To Serve Community Colleges, A Customer Service Mindset is Essential
Community colleges serve an essential role in supporting the success of individuals, employers and the economy.
As the front door to economic mobility, two-year institutions provide access to education to the most vulnerable and underserved audiences. They offer pathways to academic success, credentials relevant to real-world outcomes, and opportunities to secure jobs that lead to lasting careers.
“College education used to be only for very wealthy people of a certain age,” said Gail Mellow, President of LaGuardia Community College, in an interview with The EvoLLLution. “We need to rethink that, because education is the foundation of our democracy and a viable globally competitive workforce. By rethinking higher education’s purpose, we serve our higher mission.”
Of course, as part of that rethinking process, it’s critical for college leaders to consider the genuine needs and outcome expectations of the learners coming through their doors. For many community colleges, this means recognizing that students aren’t just coming for associates degree programming—or the opportunity to transfer to a four-year institution. They’re enrolling for workforce training that will get them a job. They’re looking for just-in-time learning engagements designed to support their career entry and ongoing success.
While this might seem obvious to many, the extrapolation from this demand points to an evolving characteristic in students that still creates discomfort for college leaders across the United States.
Being responsive to learner expectations by developing and offering programming that meets their needs necessitates treating students like customers in every aspect of their engagement with the college.

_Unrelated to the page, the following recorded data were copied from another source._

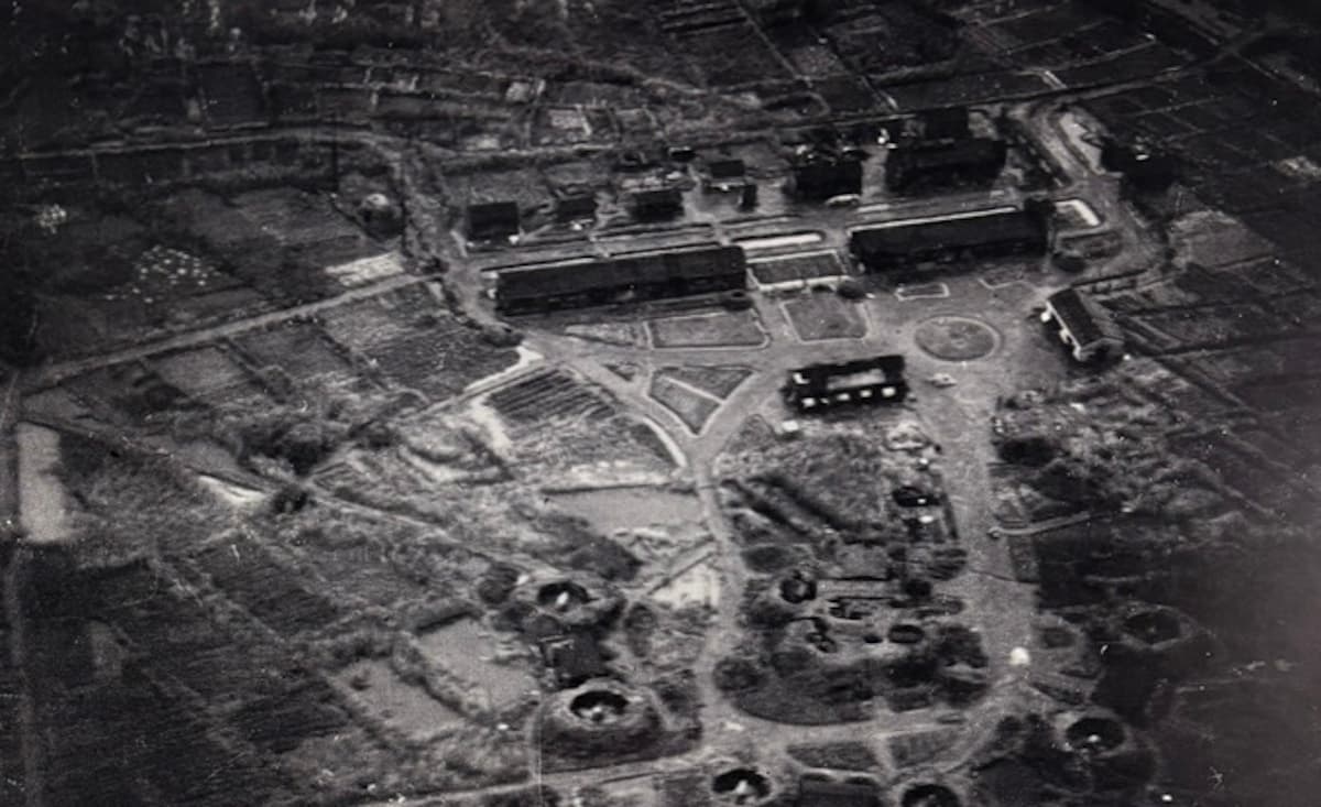 高射砲陣地の空撮(場所不明、米国立公文書館所蔵写真 佐藤洋一『米軍が見た東京 1945 秋』洋泉社 2015)
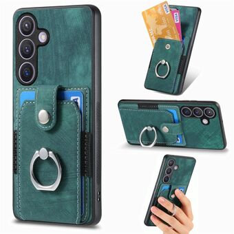 For Samsung Galaxy S24 5G Retro Skin-feel Ring Card Wallet Phone Case(Green)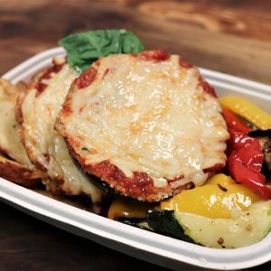 Eggplant Parmesan with roasted mini potato, grill vegetables. Packed individually in a recyclable container that can be heated in the microwave.$16.95 each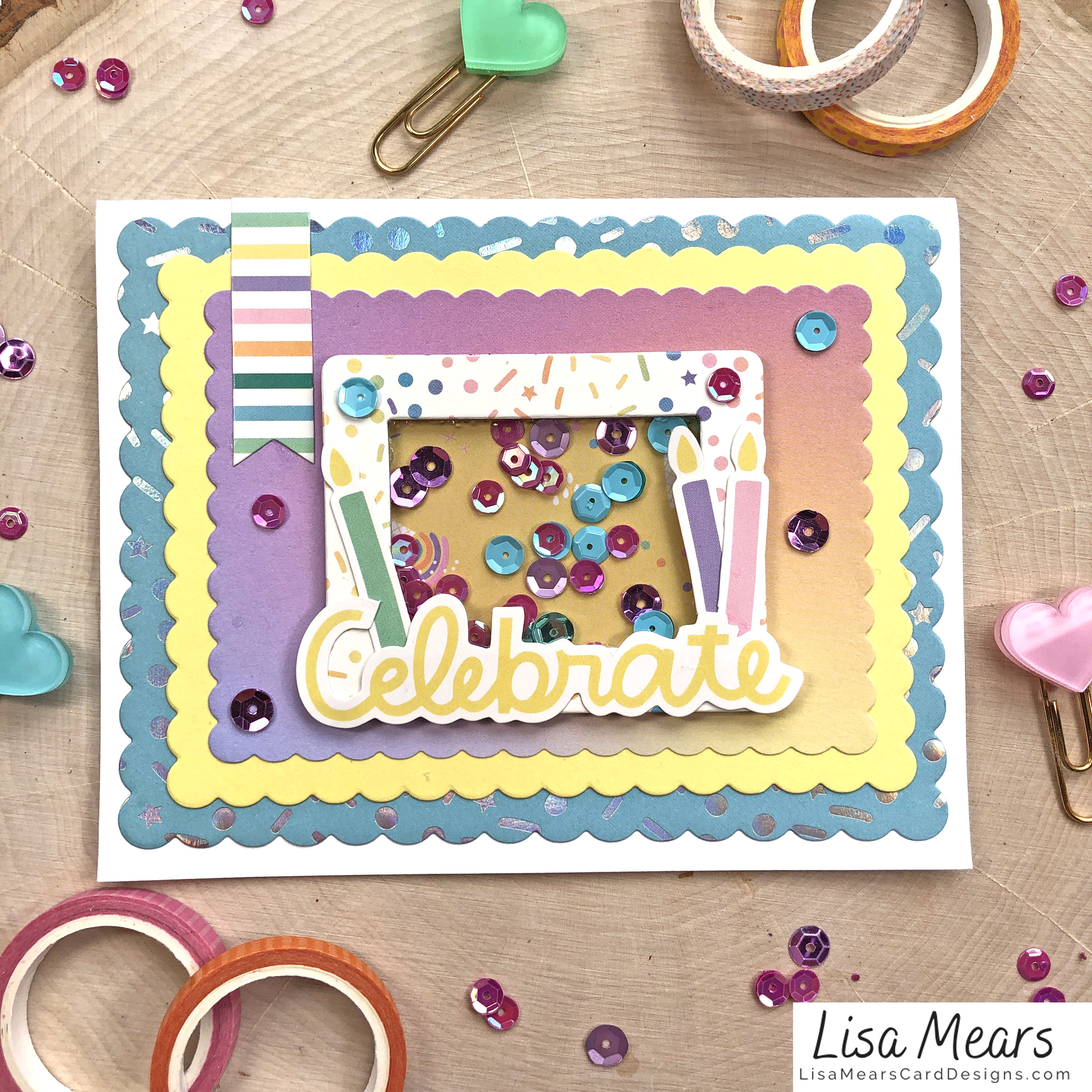 Today I’m sharing 12 cards I made using the Recollections Memory Explosion Box Collection. This collection is sold at Michaels craft stores. It caught my eye because of all of the pretty pastel colors and foil throughout the paper pad. There were so many pieces to this collection, but I purchased the 6 x 6 foil paper, chipboard frame stickers, birthday die cuts, and washi tape. With these items, I made 12 birthday cards and used up all of the ephemera. Some of the cards can be used for congratulations cards as well. With the chipboard frames, I made some shaker cards. All supplies are listed below.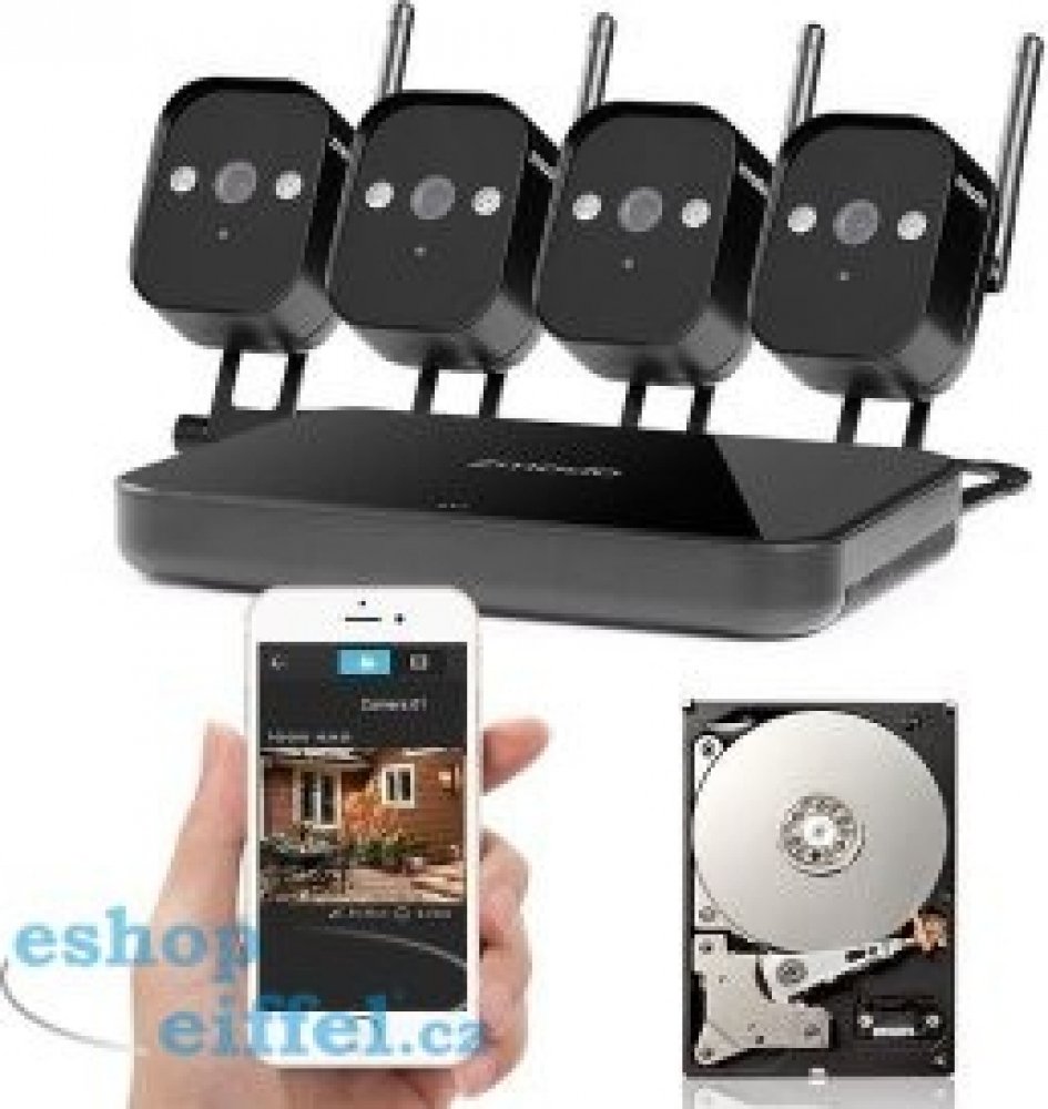 Čtyřkanálový NVR all-in-one systém umožňuje připojit a nastavit až 4 venkovní 720P WiFi kamery během několika minut. Nemusíte být odborníkem na počítačích nebo sítích, nastavení je velmi jednoduché. Obraz i nahrávky na disku můžete sledovat na připojeném monitoru nebo na mobilních zařízeních pomocí aplikace MeShare.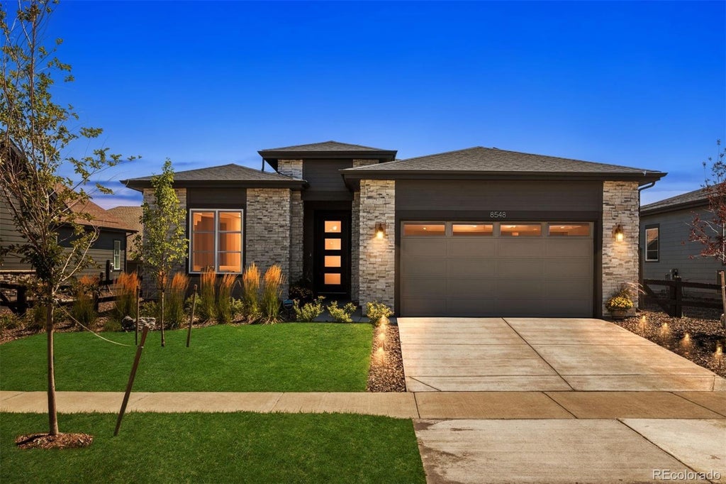 Perfectly situated across from Sunset Park in Hilltop at Inspiration, this thoughtfully designed ranch home captures year-round sunsets and easy, low-maintenance living. The open floorplan seamlessly unites the great room, dining, and chef’s kitchen, creating a light-filled space ideal for entertaining and everyday comfort. The kitchen is a true centerpiece, showcasing an expansive island, granite countertops, upgraded appliances, soft-close cabinetry with pull-out shelving, and a generous walk-in pantry. The private primary suite is a serene retreat with a spa-like bath featuring a no-glass walk-in shower and a custom-designed closet. Throughout the home, you’ll find designer flooring, elegant paint selections, stylish window coverings, and a striking fireplace for added warmth and character. Solar panels, EV charging readiness, and a SimpliSafe system combine modern convenience with peace of mind. The oversized two-car garage includes built-in storage, while the unfinished basement with rough-in plumbing offers room to grow. Relax in the backyard with peaceful morning light, or unwind on the front porch as the sun sets over the park. Nestled in Aurora’s premier 55+ community, Hilltop at Inspiration, residents enjoy access to a private clubhouse, fitness center, pickleball, trails, and an active calendar of clubs and events. With Southlands shopping and dining just minutes away, this home delivers luxury, comfort, and community all in one.
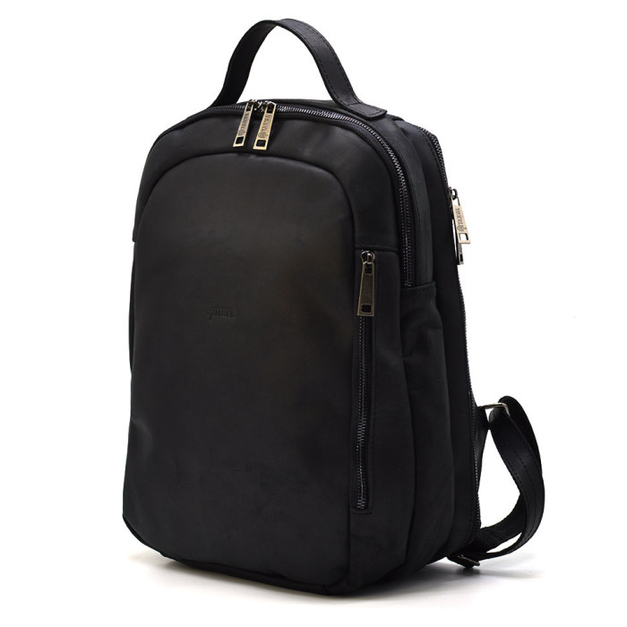 Міський чорний рюкзак RA-3072-3md TARWA шкіра Crazy Horse на два відділення з передньою кишенею. Шкіряні шлейки. Шкіряна ручка. Металева блискавка.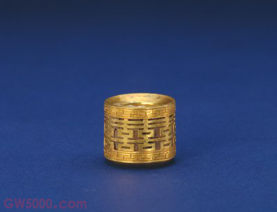 扳指里外层皆纯金质,中间夹以木质内胆。外层环绕金圈镂雕5个双喜字,均匀排列,上下边沿各饰一周回纹;内层金圈刻有“义和”、“足金”两戳记。 古称韘,本为拉弓射箭时套于拇指上勾弦的工具,后成为套于手指上的装饰品。清宫旧藏的扳指多以质地硬滑的玉、翠为料,既可减少射箭时的摩擦力,又使拇指不易被弓弦划伤。金质扳指硬度不高,且表面的纹饰又阻碍弓弦的滑动,一般用作装饰品。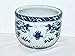 The scene wraps around the entire bowl. This is done in Oriental blue on a white glazed pot.

“When it comes to whether we believe students should be treated as customers, our beliefs on that matter are largely irrelevant because, in practice, the students are already customers—and they behave accordingly,” said Ian Roark, Vice President of Workforce Development at Pima Community College, in an article published on The EvoLLLution.
This means, in addition to offering programming responsive to their needs and support mechanisms designed to address their unique obstacles, community colleges need to find ways to deliver a customer experience also responsive to the needs of their customers.
I can’t put it better than Roark did in a second EvoLLLution piece, an interview, we did in 2018:
“Students expect personalization and authenticity, but community colleges are traditionally built on a one-size-fits-all strategy. We build programs and systems that are predicated on the past notion that the majority of our students are coming to us right out of high school and can attend our institutions full-time, and that the world revolves around a semester-based academic schedule.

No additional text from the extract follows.